For weak auto-indexing results it's best to refine the auto-indexing result in primitive triclinic first and then re-open this table using the Bravais Lattice button in the Index tab. Success can be influenced by the parameters for Index Peaks Limit and Sigma Cutoff Index in the first line of the Controls panel within Index. Be aware that the Bravais lattice table is responding only to the location of diffraction spots in the frame and not their intensity. While the highest symmetry choice is often the best one - for HEWL the point group is 422 with a primitive lattice so primitive tetragonal is indeed the correct choice - a minority of crystals show pseudo-symmetry and the correct assignment of point group and unit cell dimensions only becomes obvious during scaling. At which point you must revisit the Bravais Lattice table and re-integrate the data. To refine the initial indexing result (e.g. in Primitive Triclinic) you select Fit Basic, refine a few times, then Fit All refine a few times more and then revisit the Bravais Lattice table for your best guess at the actual crystal symmetry/lattice system. | |
The current parameters are shown in the Refinement Information panel at top right.
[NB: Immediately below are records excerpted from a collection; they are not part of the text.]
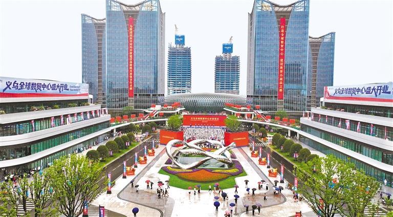 10月14日,义乌全球数字贸易中心正式开业运营。 10月15日,浙江省义乌市国际商贸城二区市场内,商贩在选购雨伞。 10月14日,客商在义乌环球数字贸易中心举办海外直播义卖活动。这里的3700多名“新摊主”已经从传统商业范式中跳跃出来,成为懂人工智能、会用人工智能的“数字商业专家”。 10月14日,主播带货在义乌环球数字贸易中心直播。今年1-8月,义乌开展网络人气直播带货65.76万人次,同比增长20.65%;零售额427.43亿元 同比增长14.93%。 10月15日,义乌商贸城一商户的墙上挂着一张产品覆盖区域地图。义乌市场有超过210万种产品销往230多个国家和地区。 10月15日,义乌国际商贸城二区市场,商贩在办理网上订单。 10月15日,义乌国际商贸城二区市场,商贩正在整理商品。该市场主要经营五金工具、新能源、小家电等。10月14日,商户在义乌环球数字贸易中心采购珠宝首饰。 2023年9月20日上午,习近平总书记在浙江金华义乌国际商贸城考察时强调,义乌小商品已闯入大市场、成为大产业。达到这一点是值得注意的。每个人都是参与者、建设者、贡献者。商贸城要创造新辉煌作出更大贡献拓展国内国际两个市场,畅通国内国际双循环。小商品,大市场,不断创造新的辉煌。记住殷殷总书记,义乌瞄准国际国内市场,不断拓展新市场、新业态、激发新理念。截至9月30日,义乌市场经营主体总数123.77万户(其中商户35.42万户,个体户88.35万户),位居全国县级地区第一。今年以来,义乌新设市场经营户17.37万个,占浙江省总数的13.93%。近日,义乌市场第六代标志——全球数字贸易中心正式开业运营。项目围绕新贸易、新市场、新地标三大主线,融入“六大贸易要素数字化升级”“人、货、场、信息流、商品流、资金流”,打造以跨境电商等数字贸易为核心的新一代复合市场,引领全球小额贸易贸易新潮流。这标志着义乌市场完成新一轮转型升级,开启从传统贸易模式向数字贸易生态跨越的新进程,向数字化、国际化、现代化、低端化的全球贸易标杆迈进。 碳化。这个总投资83亿元的项目也是浙江提高开放水平、加强数字贸易的重大标志性项目。有望成为全省数字贸易发展的又一“新引擎”。以全球数字贸易中心为载体,义乌将做强推动数字技术赋能传统贸易,实现浙江“稳扩优化”结合深化义乌国际贸易新一轮综合改革,更好推动“小商品”融入“大市场”,形成“大产业”,推动“大开放”,推动浙江省高水平走向世界。 。
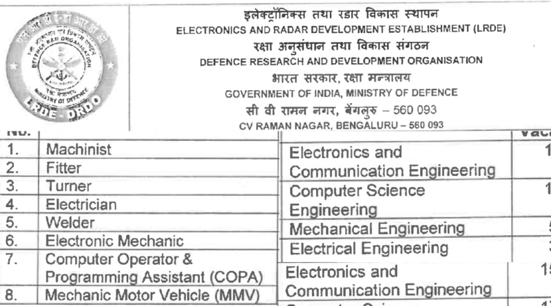 DRDO Apprentice Recruitment 2024: Defence Research and Development Organization Electronic and Radar Development Establishment is one of the premier R& D Establishments set up under the defence R&D Organization, Ministry of Defence, Govt. of India. LDRE invites online applications from eligible candidates for One Year Apprenticeship Training as per the following details under the provisions of the Apprentices Act, 1961, as amended from time to time. DRDO LRDE Apprentice online form apply before 17th March 2024. ITI Pass Machinist, Fitter, Turner, Electrician,Welder, Electronic Mechanic, COPA, MMV trades are eligible to apply. Diploma Pass Electronics and Communication Engineering, Computer Science, Mechanical, Electrical, Civil branch are eligible to apply online. Graduate Pass Electronics and Communication Engineering, Computer Science, Mechanical, Electrical branch are eligible to apply online.
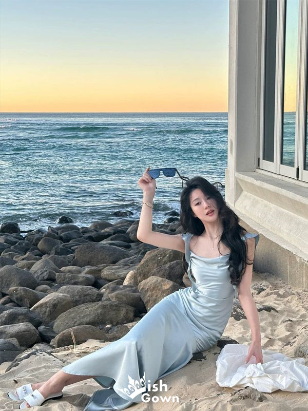 Stylish Blue Simple Sheath Long Party Dress Prom Dresses,WGP999
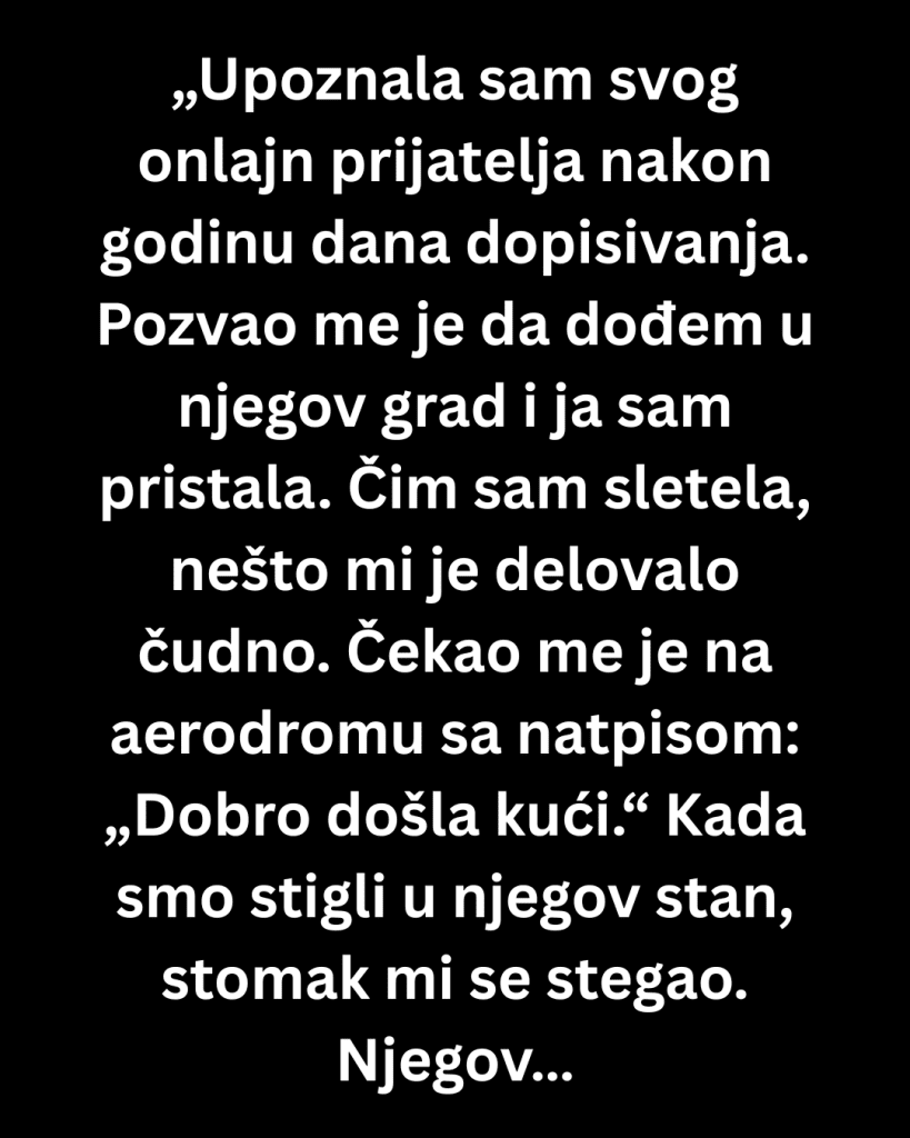 Upoznala sam svog onlajn prijatelja nakon godinu dana dopisivanja. Pozvao me je da dođem u njegov grad i ja sam pristala. Kada sam sletela, nešto mi je odmah delovalo pogrešno. Čekao me je na aerodromu sa natpisom: „Dobro došla kući.“

For integration you basically only need to produce a good correlation between predicted and observed diffraction maxima - some changes in Bravais lattice can be accommodated in scaling even if you've integrated it as the lowest symmetry primitive triclinic. However it often stabilizes refinement to have the correct Bravais lattice assigned, and it avoids you having to think about complicated transformations (and applying them) in Scalepack later on. To optimize the predicted vs observed maxima you need to refine the initial auto-indexing parameters. The boxes toggled in the Refinement Options panel at the left show what parameters are are being refined the next time you press the Refine button. Some eigenvalue-filtering hopes to reduce the correlations between parameters but the idea here is to Fit Basic until convergence, add in Distance and perhaps Fit All with mosaicity unchecked, followed by Fit Basic with mosaicity checked, followed by Fit All again. Mosaicity estimates are sometimes problematic for crystals with streaky spots, and if the refined mosaicity climbs too high it will likely cause problems with spot overlaps (spots whose centroids are too close to each other on the frame). You can play games with not refining mosaicity or you can redefine it at each integration step using the Macros tab (not covered in this guide). For weak data you'd probably do well to decrease the sigma cutoff for data in refinement, as given in the Refinement box in the Control panel to the right. If you're unhappy with the spot predictions and wish to discard the current parameters you'll need to press the Abort Refinement button to go back and do peak searching or indexing again. | |
Once you've started refining parameters, XDISP changes to display the
predictions of spot centroids based on the refined parameter values -
toggle this using the Update Pred button to see if the predictions
(yellow, green, red) match the actual spot locations. Yellow centroid
markers are
partial reflections - reflections that are clipped at one or
both ends of their profile during the frame and whose diffraction
intensity is spread over multiple frames. Green reflections are
full reflections that complete their entire passage through
diffraction condition during the frame. On this image - collected
with 0.25° frame width on a crystal with 0.45° mosaicity -
every reflection is a partial. You only see a significant number of
fulls on thicker frames, particularly at higher resolutions.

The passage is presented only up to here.